Thanks for the respond. Our idea was to compare concurrency in a various languages. We want to investigate lines of codes, performance, and programming model for concurrency. So we decided on the stencil approach since this code is easy to understand and implement. So we do not want to get the fastest implementation and rather compare this specific implementation.

Python code: async_heat_equation/heat2.py at main · diehlpk/async_heat_equation · GitHub

Rust code: async_heat_equation/main.rs at main · diehlpk/async_heat_equation · GitHub

My main language is C++ and I wanted to learn Swift and was just thinking that I am doing something wrong with my first performance.

1 Like

Ah, so just looking at the Python code, it operates completely differently from the Swift code--you are pinning a thread to each segment of the work buffers, and all the arithmetic is explicitly vectorized via numpy. It's not terribly surprising that this works pretty well (it would work really well if the working set was smaller!), but that's hardly an apples-to-apples comparison.

3 Likes

Yes, I agree, but can I do the same in Swift?

Alternatively just remove numpy from Python to make it more apples-to-apples comparison.

2 Likes

I illustrated how to get vectorization to happen automatically in my post above. I suspect that someone with some free time can illustrate how to achieve better data locality.

I've been looking at the Python code.

  1. The ghosts in the send_ghosts method are taken from data[0] and data[-1]. Actually I think they should come from data[1] and data[-2] for reasons that become obvious when you stare at it.

  2. In Python, the leftmost worker and the rightmost worker are not connected. In the Swift version, the space is modelled as a circular array. I think this means that Python is modelling a rod, while Swift is modelling a torus. This has implications for approaches to data localisation along the lines of rod-easy torus-hard.

  3. The timer in Python is not started until the workers and their data have been initialised. In Swift the timer is started immediately so it includes the initialisation of data structures.

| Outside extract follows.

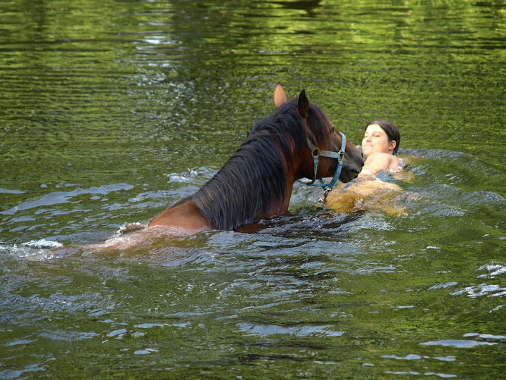 | Dire merci | Opige : ma jument a encore parfois du mal avec les flaques d'eau, si si ! Stephy : j'aime ma rivière, elle est superbe et très propre, c'est une des dernières en France qui acceuille des poissons sensibles à la pollution de l'eau ![]() Vanou, jess, Loustix et bulle : C'est toujours moon qui fait mes photos, elle est vraiment douée, ça fait des supers souvenirs ! |

  4. The for await loop at line 79 of the Swift code is not necessary and it is just destroying performance.

I re-tested after moving the Python timing code to measure the whole runtime -- given that the objective is to compare language concurrency features then it seems reasonable to include this as overhead. I also removed all of the threading code in a version of the Python so it's just vectorising through NumPy.

For a symmetrical workload at 10 10000 10000:

  • Swift Task-based = 0.38 secs.
  • Swift Vectorised = 0.04 secs.
  • Python Threading = 4.6 secs.
  • Python NumPy = 0.17 secs.
5 Likes

Thanks. Meanwhile, we changed the python code to use the same structure and initial conditions.

Would you mind sharing your code?

I am working on new version and would appreciate to look at the code.

Sure, I've added the other versions to the Gist: Async Heat Equation · GitHub

The change in the Python code is mostly adding and then commenting-out print statements! I enjoyed looking at how it works.